A measurement method incorporating trademarks
In a third scenario, the application includes a detailed measurement method but the level of detail leads to further issues. For instance, the method may refer to equipment or reagents by their trademarks. Amending a claim to include that measurement method may provoke further clarity objections because the guidelines only allow trademarks to be used in claims under very narrow circumstances (F-IV, 4.8). The use of trademarks in claims can also lead to insufficiency objections (F-III, 7). Accordingly, care must be taken when drafting all aspects of a measurement method, keeping in mind it may need to be incorporated into a claim in Europe.
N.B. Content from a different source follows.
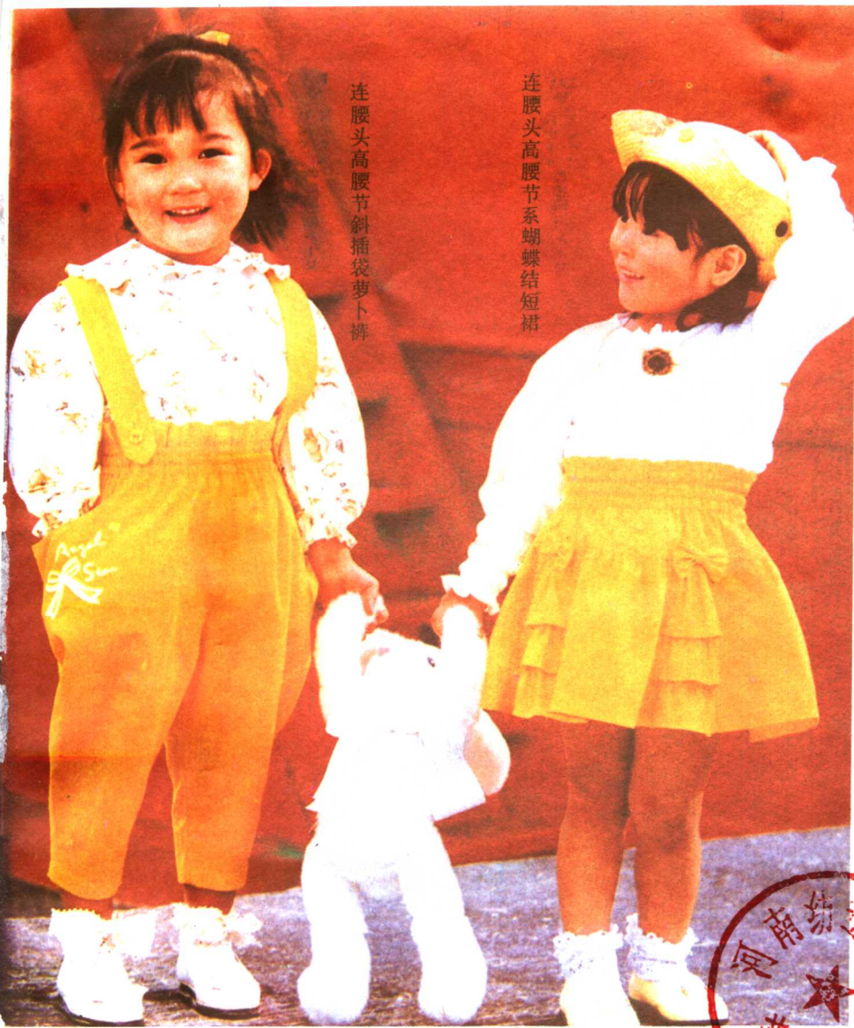
连腰头高腰节斜插袋萝卜裤

A standard measurement method
In a fourth scenario, the application has been drafted with reference to a standard measurement method for a parameter, for instance an International Organisation for Standardisation or ASTM International method. In many cases this approach is adequate, and the measurement method can readily be incorporated into a claim. The examiner is very likely to accept that a standard method contains enough information for the unambiguous measurement of the parameter without further investigation. However, for some standard measurement methods, a simple reference to the standard in the patent application may still fail to provide the level of detail required. For instance, the temperature at which a parameter is measured may affect the result.
A standard measurement method may not mandate a single temperature at which to measure, instead, it may allow a range of possible temperatures but stipulate that the measured value should be reported along with the temperature at which it was measured. In such instances a basic reference solely to the standard method may not be enough to clarify a parameter, the temperature of the measurement must be specified as well (and possibly further variable conditions).
Another example of this pitfall is the measurement of the glass transition temperature of polymers by differential scanning calorimetry in which the heating rate can affect the result. This can be a fatal flaw at the EPO. Patents have been revoked, even though they refer to standard testing methods, for not providing enough information on the measurement conditions (eg, T 412/02 and T 1252/08). Accordingly, an application drafted with a parameter in claim 1 and a reference to a standard measurement method for that parameter in the description, may still be caught in the trap.